— TASK TO COMPLETE —
From the entries below, print exactly the span beginning with the line holding "YT-710 通用 USB" and ending with the line holding "通过这款**长袖T恤样机**", endpoints included, and skip any pictures.

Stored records
========================================================================

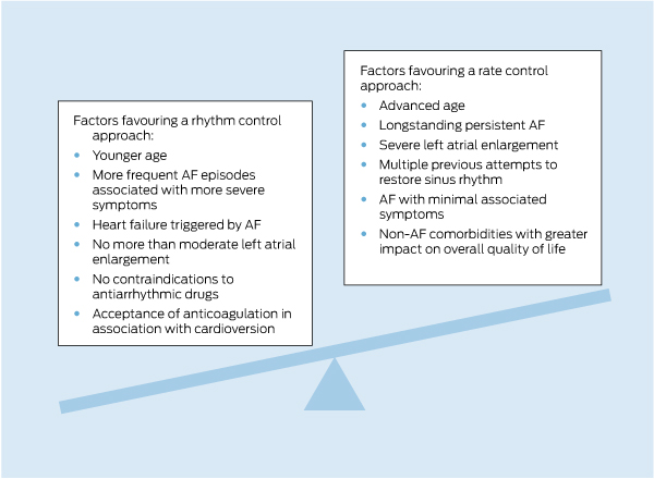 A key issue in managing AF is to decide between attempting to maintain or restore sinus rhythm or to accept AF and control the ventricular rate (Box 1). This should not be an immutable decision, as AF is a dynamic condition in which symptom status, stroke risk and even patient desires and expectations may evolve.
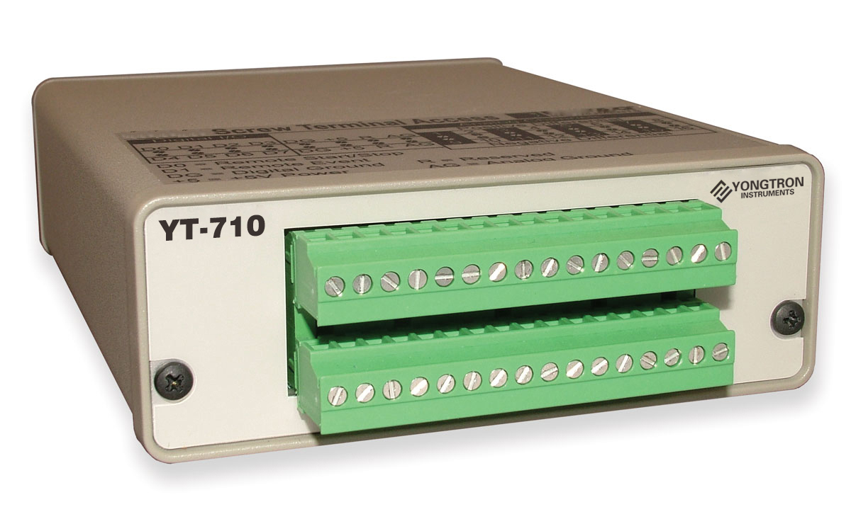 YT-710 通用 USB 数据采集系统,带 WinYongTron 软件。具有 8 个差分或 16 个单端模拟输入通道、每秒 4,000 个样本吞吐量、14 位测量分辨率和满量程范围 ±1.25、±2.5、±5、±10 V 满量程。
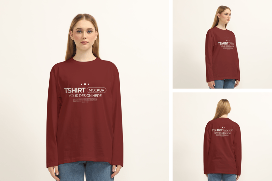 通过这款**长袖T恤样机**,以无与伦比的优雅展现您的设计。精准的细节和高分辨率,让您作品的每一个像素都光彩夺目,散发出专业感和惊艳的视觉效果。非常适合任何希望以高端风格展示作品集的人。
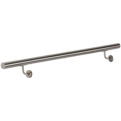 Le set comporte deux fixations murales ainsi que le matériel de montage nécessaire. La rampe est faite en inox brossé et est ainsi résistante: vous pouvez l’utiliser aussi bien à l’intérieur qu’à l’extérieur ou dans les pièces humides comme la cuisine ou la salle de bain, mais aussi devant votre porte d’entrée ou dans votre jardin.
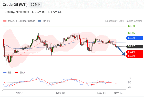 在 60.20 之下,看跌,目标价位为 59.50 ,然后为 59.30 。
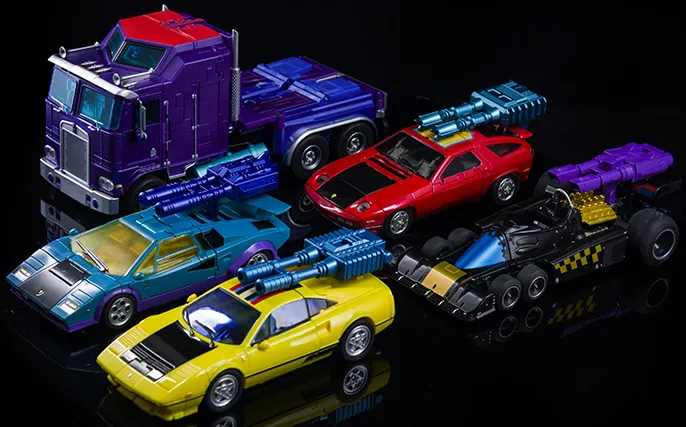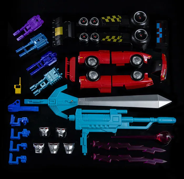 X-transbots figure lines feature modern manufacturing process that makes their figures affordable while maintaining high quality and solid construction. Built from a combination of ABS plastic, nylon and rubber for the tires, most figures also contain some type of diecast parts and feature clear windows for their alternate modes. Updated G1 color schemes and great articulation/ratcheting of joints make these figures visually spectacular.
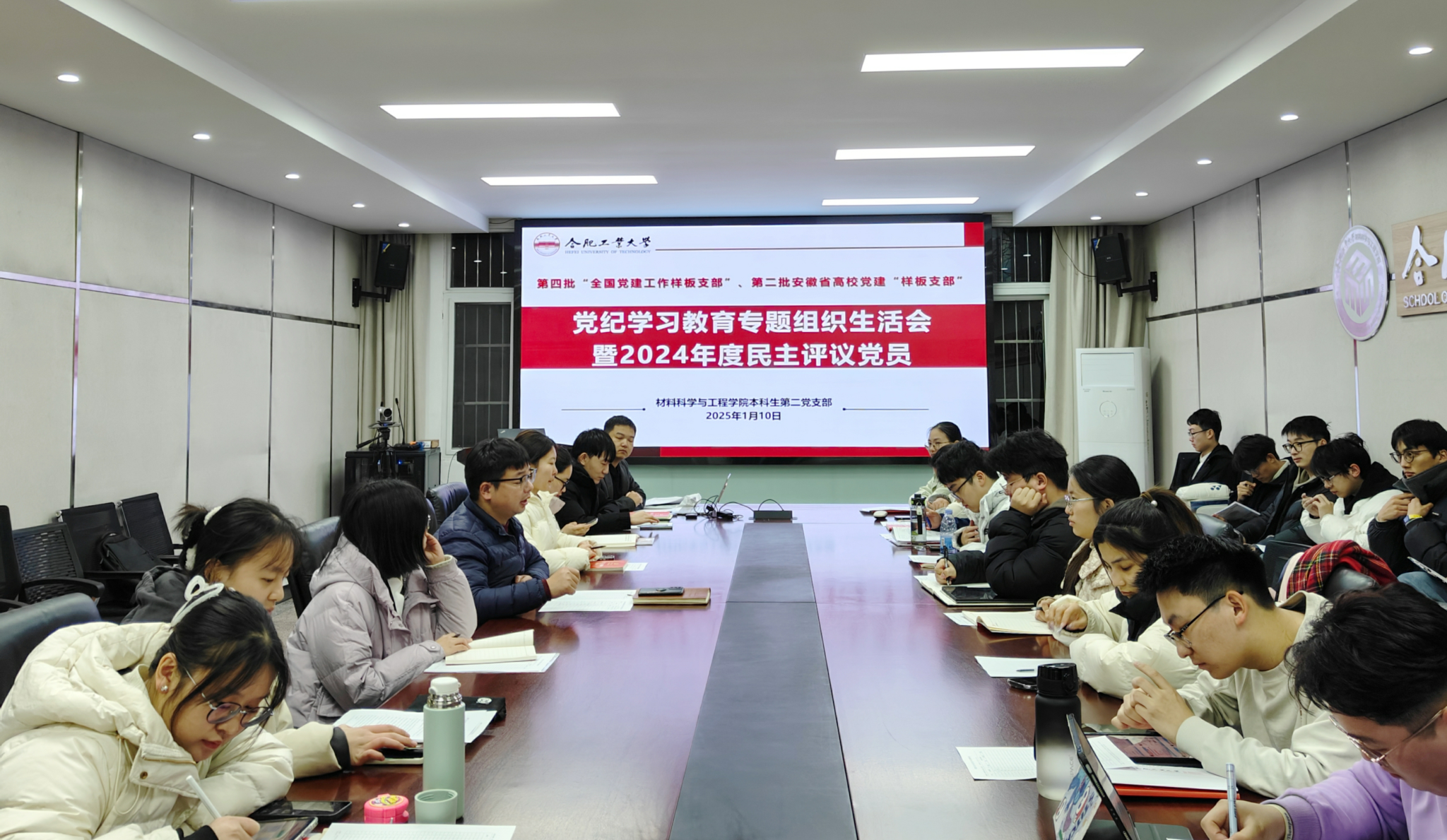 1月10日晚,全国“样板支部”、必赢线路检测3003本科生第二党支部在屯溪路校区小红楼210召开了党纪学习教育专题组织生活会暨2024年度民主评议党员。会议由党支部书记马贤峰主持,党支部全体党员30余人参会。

========================================================================

— RESPONSE BELOW —
 YT-710 通用 USB 数据采集系统,带 WinYongTron 软件。具有 8 个差分或 16 个单端模拟输入通道、每秒 4,000 个样本吞吐量、14 位测量分辨率和满量程范围 ±1.25、±2.5、±5、±10 V 满量程。
 通过这款**长袖T恤样机**,以无与伦比的优雅展现您的设计。精准的细节和高分辨率,让您作品的每一个像素都光彩夺目,散发出专业感和惊艳的视觉效果。非常适合任何希望以高端风格展示作品集的人。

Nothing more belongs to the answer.